The polymorphic decryptor consists of “islands” of code that are integrated into random locations throughout the host code section and linked by jumps. The decryptor integration is performed in the same way as for the virus body integration—existing instructions are moved to either side, and a block of code is placed between them. The polymorphic decryptor uses absolute references to the data section, but the Mistfall engine will update the relocation information for these references, too. An antiheuristic trick is used for decrypting the virus code: Instead of making the section writeable to alter its code directly, the host is required to have, as one of the first three sections, a section containing writeable, initialized data. The virtual size of this section is increased by 32KB, large enough for the decrypted body and all variables used during decryption. This allows the virus to decrypt code directly into the data section and transfer control there.

If such a section cannot be found, the virus will infect the file without using encryption. The decryptor receives control in one of four ways:

• Via an absolute indirect call (0xFF 0x15)

• Via a relative call (0xE8)

• Via a relative jump (0xE9)

• As part of the instruction flow itself

If one of the first three methods is used, the transfer of control will appear soon after the entry point. In the case of the last method, though, an island of the decryptor is simply inserted into the middle of a subroutine somewhere in the code (including before the entry point). All used registers are preserved before decryption and restored afterward, so the original code will behave as before. Zombie calls this last method UEP, perhaps an acronym for “unknown entry point” because there is no direct pointer anywhere in the file to the decryptor.
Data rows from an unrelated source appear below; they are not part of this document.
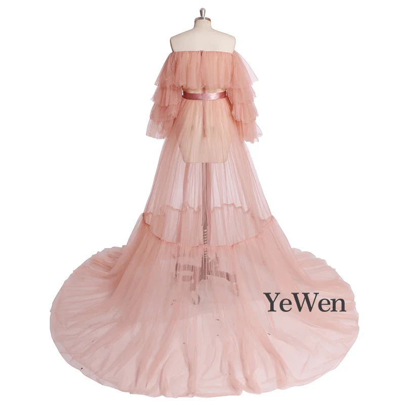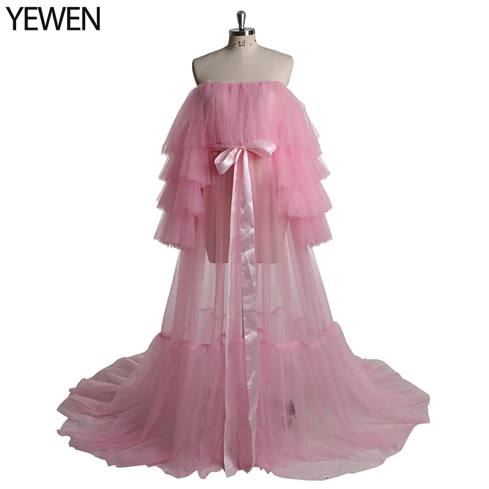 Niulatu Pink Long Maternity Photography Props Dresses Tulle Perspective Pregnancy Mesh Maxi Gown For Pregnant Women Photo HZ1007
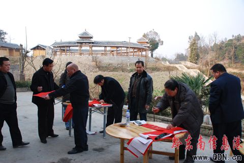 1月17日下午,陽光明媚,天清氣朗,凱里市文聯組織凱里地區書法家到龍場鎮石龍寨義務為老百姓寫春聯,受到當地村民一致好評。據介紹,從2006年開始,凱里市文聯每年新春都組織書法家到石龍寨為村民義務寫春聯,這一良好傳統已延續了4年。(王四錫 攝影報道)
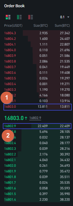 이에 대해 간단히 설명하면, 위 호가창에서 현재 체결가격이 16803.0 USDT이고 현재가 바로 위에 매도호가영역 중 16803.0이 최고매도호가(현재 제일 높은 매도호가, best ask price)이며 현재가 아래 영역 중 16802.9이 최고매수호가(현재 제일 높은 매수호가, best bid price)를 의미합니다.
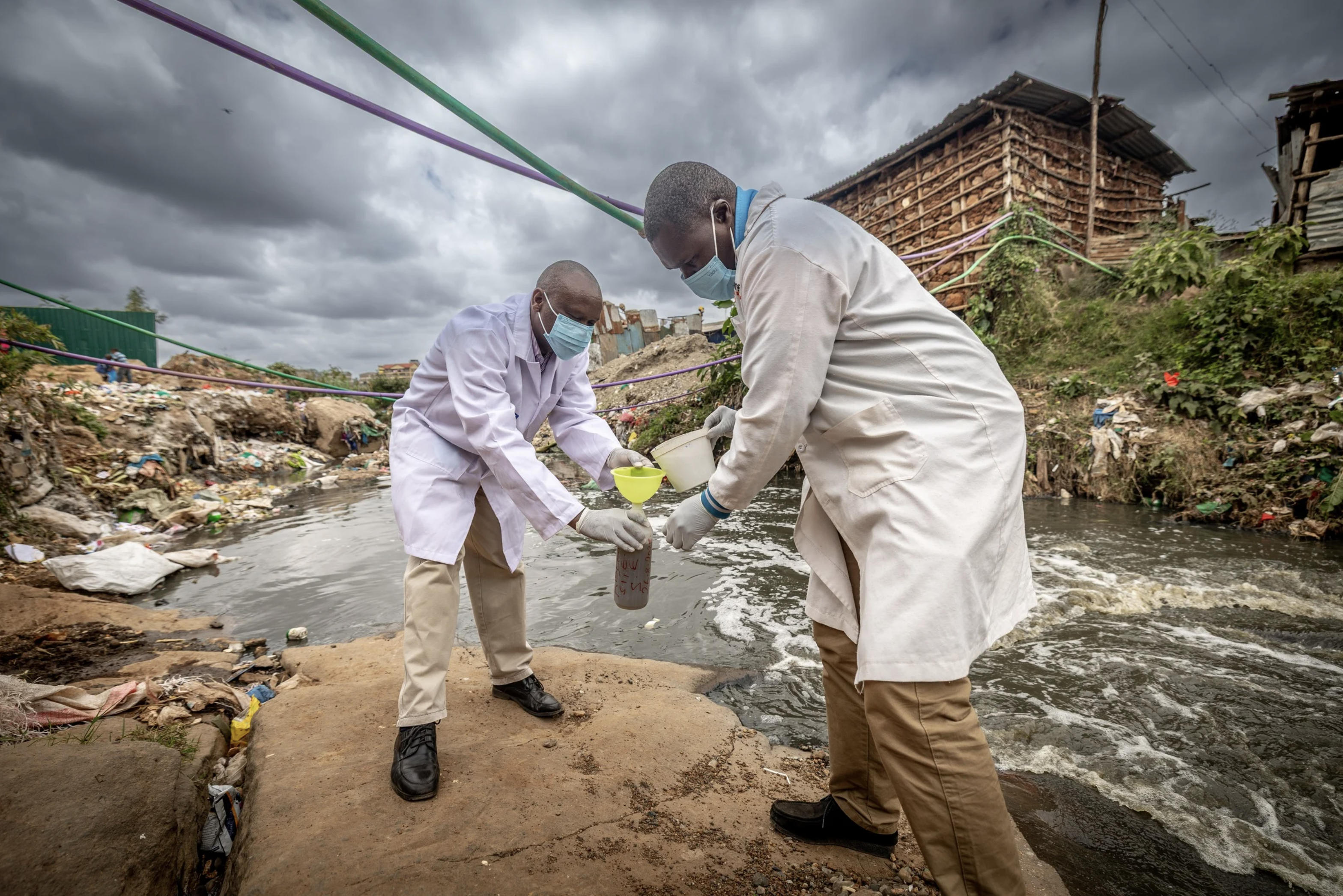 "A few years ago, the Ministry of Health and WHO selected this spot as a collection site. We were involved in choosing the location and trained on safe sample collection," said Peter Adoyo, a community health promoter from Kibera who helps Samuel collect samples each month. "Now we collect samples in the first week of each month and send them to the labs for analysis.”
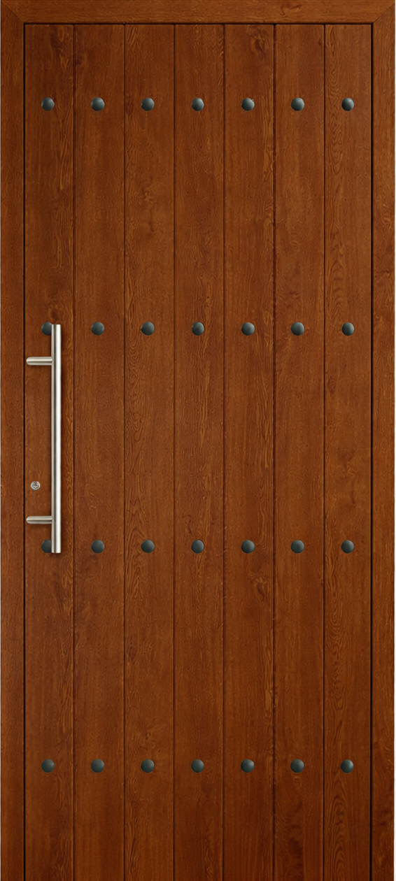 Ο σχεδιασμός με τις κατακόρυφες ξύλινες όψεις και τα διακοσμητικά μεταλλικά καρφιά παραπέμπει σε κλασικές και παραδοσιακές αρχιτεκτονικές γραμμές, καθιστώντας την INOX L231 ιδανική επιλογή για πέτρινες κατοικίες, εξοχικά ή χώρους που επιθυμούν αυθεντικό και στιβαρό ύφος.
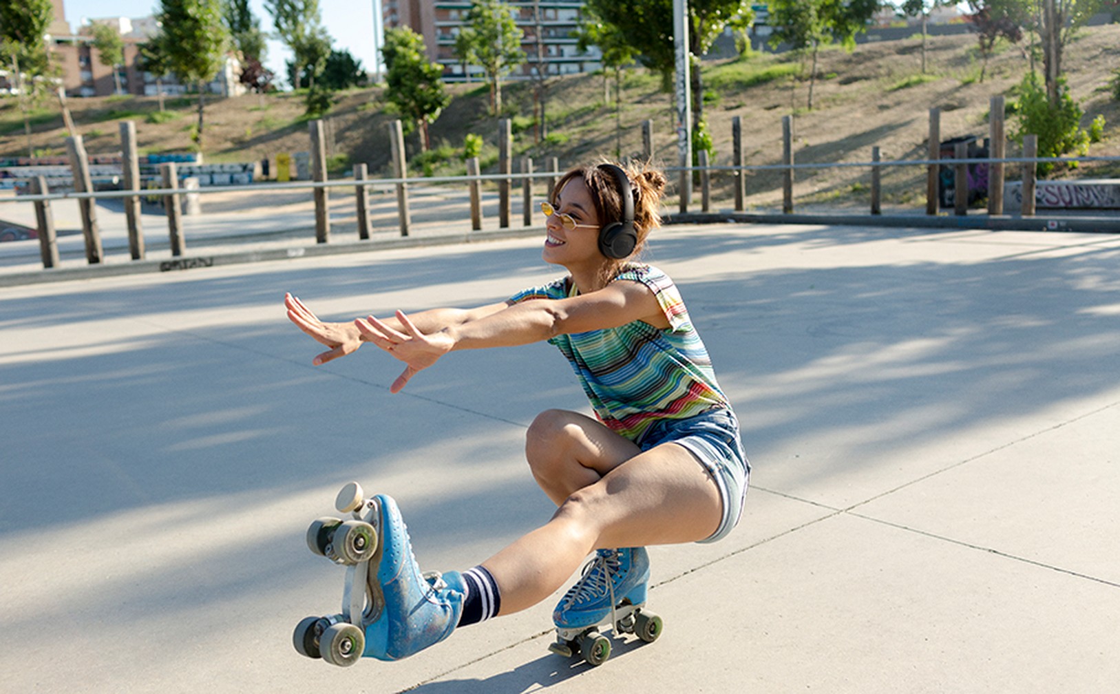 Мягкие амбушюры и легкая регулируемая дужка с мягкой прокладкой обеспечивают комфорт даже при длительном прослушивании. А когда приходит время убрать наушники, они легко складываются в плоскую конструкцию и компактно помещаются в сумку или рюкзак.
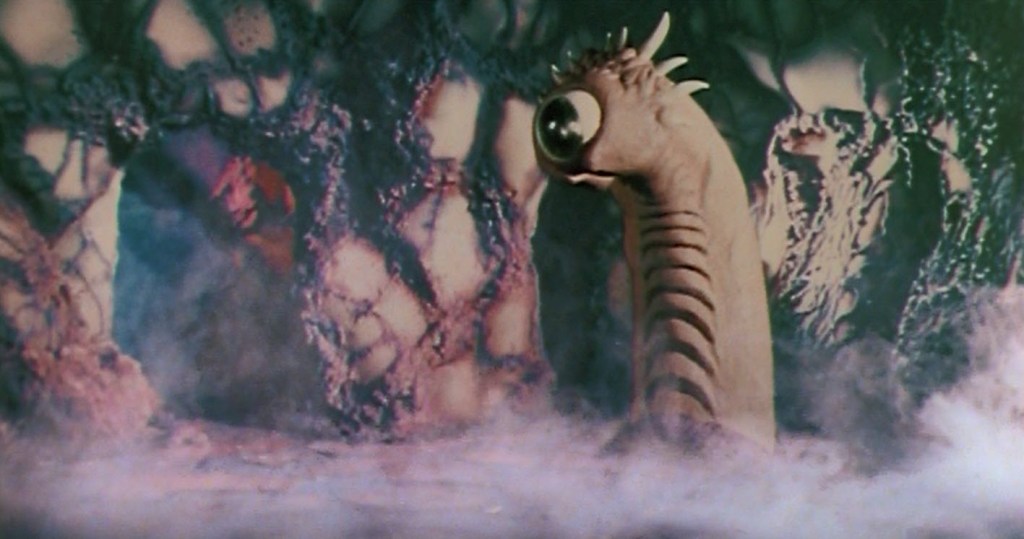 For me, the real treats of the film belong to the general set design of the movie and those wonderful stop-motion creatures that popped up throughout the film. As for the design of the film, it really looks like they went back to those classic sets of the early days of sci-fi films and just reused them. They possess that kind of charm. The monsters were expertly animated. Honestly, they really look great. Surely that cost the production a lot of money, but it pays off big time. You had penisauruses, that bug creature, and the giant Porno God that I really do think was voiced by Craig T. Nelson.

When encryption is used, the code is encrypted with ADD, SUB, or XOR with a random key, which is altered on each iteration by ADD/SUB/XOR with a second random key. Between the decryption instructions are various garbage instructions. They use a random number of registers and a random choice of loop instruction, all produced by the executable trash generator (ETG) engine, which was also written by Zombie. Randomness features heavily in this virus. Code Integration

The integration algorithm requires that the host have fixups to distinguish between offsets and constants. After infection, however, the fixup data is not required by the virus. Therefore, though it is tempting to look for a gap of about 20KB in the fixup area (which would suggest that the virus body is located there), it would be dangerous to rely on this during scanning.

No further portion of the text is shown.